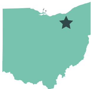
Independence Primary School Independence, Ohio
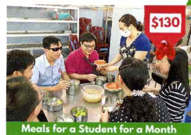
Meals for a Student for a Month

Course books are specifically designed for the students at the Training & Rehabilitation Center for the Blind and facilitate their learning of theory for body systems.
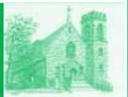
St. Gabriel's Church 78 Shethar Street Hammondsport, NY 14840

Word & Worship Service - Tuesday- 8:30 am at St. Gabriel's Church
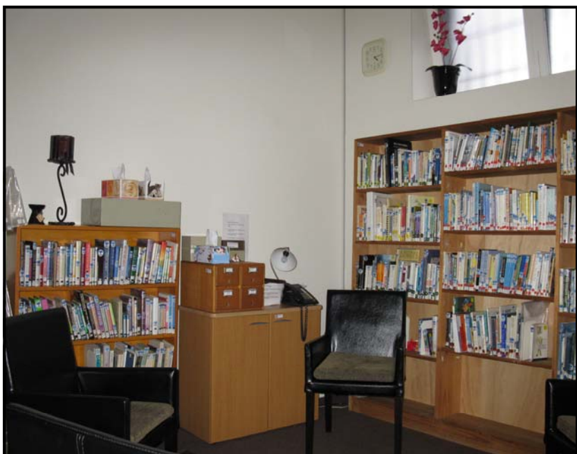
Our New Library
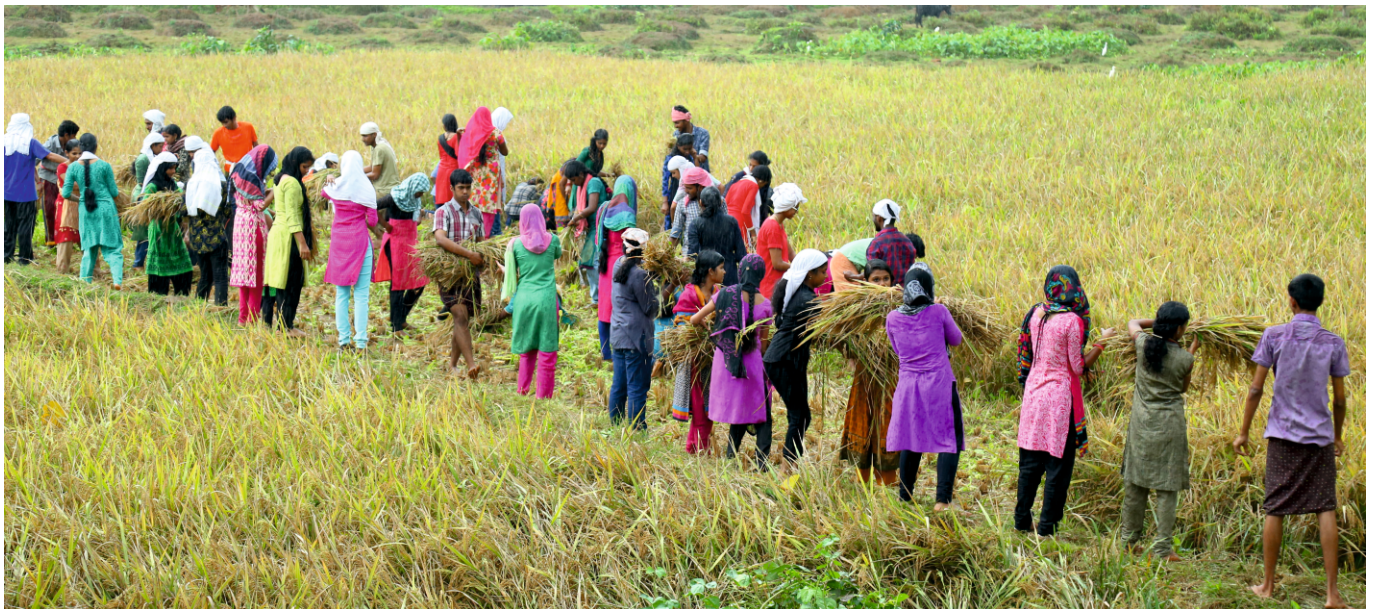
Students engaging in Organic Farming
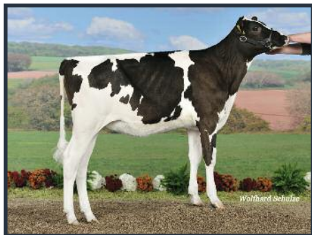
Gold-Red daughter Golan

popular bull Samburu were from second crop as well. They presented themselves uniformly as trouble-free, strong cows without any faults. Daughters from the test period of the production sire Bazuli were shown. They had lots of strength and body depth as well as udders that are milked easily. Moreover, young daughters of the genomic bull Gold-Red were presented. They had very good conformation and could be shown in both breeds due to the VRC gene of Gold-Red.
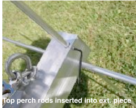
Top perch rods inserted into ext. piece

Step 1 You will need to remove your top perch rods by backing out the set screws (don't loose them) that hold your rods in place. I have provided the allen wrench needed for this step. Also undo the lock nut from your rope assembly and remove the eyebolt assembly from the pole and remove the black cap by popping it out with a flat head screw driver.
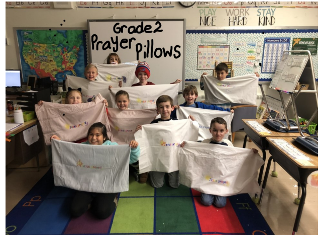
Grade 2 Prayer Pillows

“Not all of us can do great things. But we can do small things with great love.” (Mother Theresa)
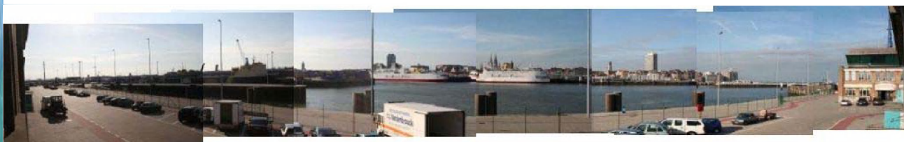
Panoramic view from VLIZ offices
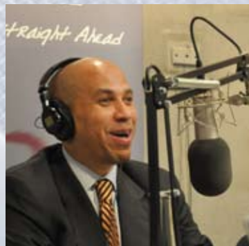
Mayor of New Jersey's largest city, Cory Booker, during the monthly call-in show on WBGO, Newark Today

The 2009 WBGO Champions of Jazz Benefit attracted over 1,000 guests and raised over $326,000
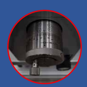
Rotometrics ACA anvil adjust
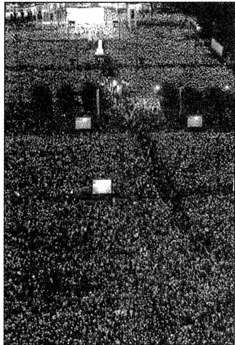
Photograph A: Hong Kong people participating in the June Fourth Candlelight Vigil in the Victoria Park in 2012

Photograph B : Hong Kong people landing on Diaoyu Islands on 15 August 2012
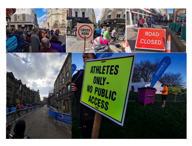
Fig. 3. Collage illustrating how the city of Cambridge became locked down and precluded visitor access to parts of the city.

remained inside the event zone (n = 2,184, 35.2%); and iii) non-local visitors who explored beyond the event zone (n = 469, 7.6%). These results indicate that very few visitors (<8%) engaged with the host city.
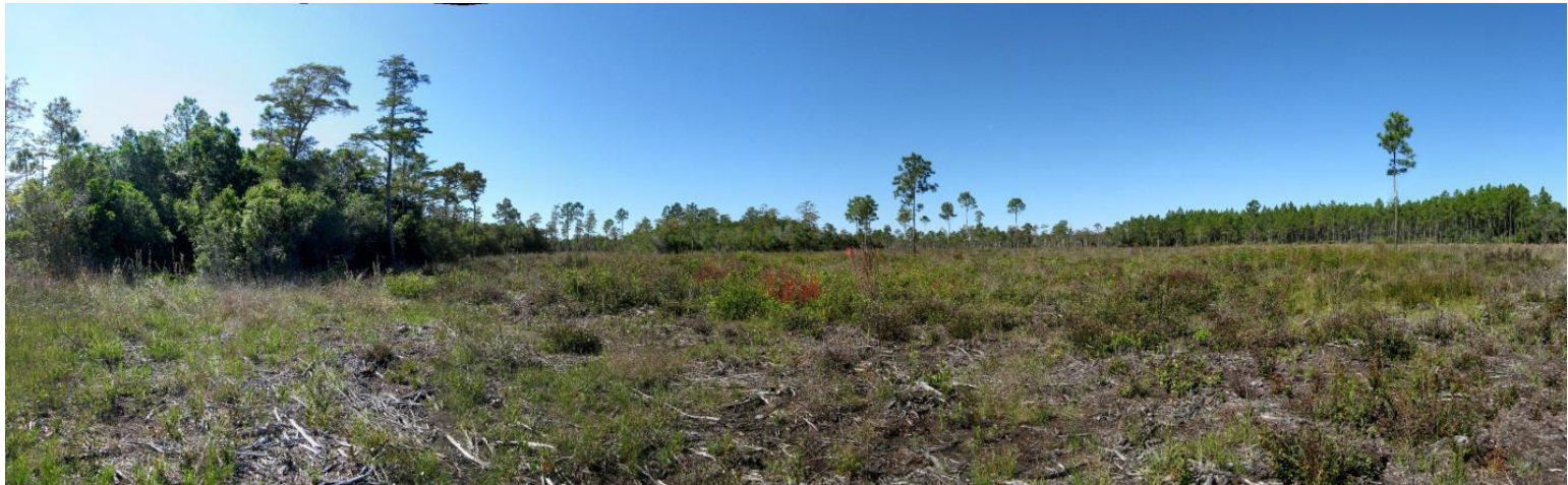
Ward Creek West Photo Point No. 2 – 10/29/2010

· · ·

● **Problem details**:
Output the data above exactly, beginning at its first line and ending with the line that holds "Course books are". Leave out the pictures and add nothing.

● **Solution**:
Independence Primary School Independence, Ohio
Meals for a Student for a Month

Course books are specifically designed for the students at the Training & Rehabilitation Center for the Blind and facilitate their learning of theory for body systems.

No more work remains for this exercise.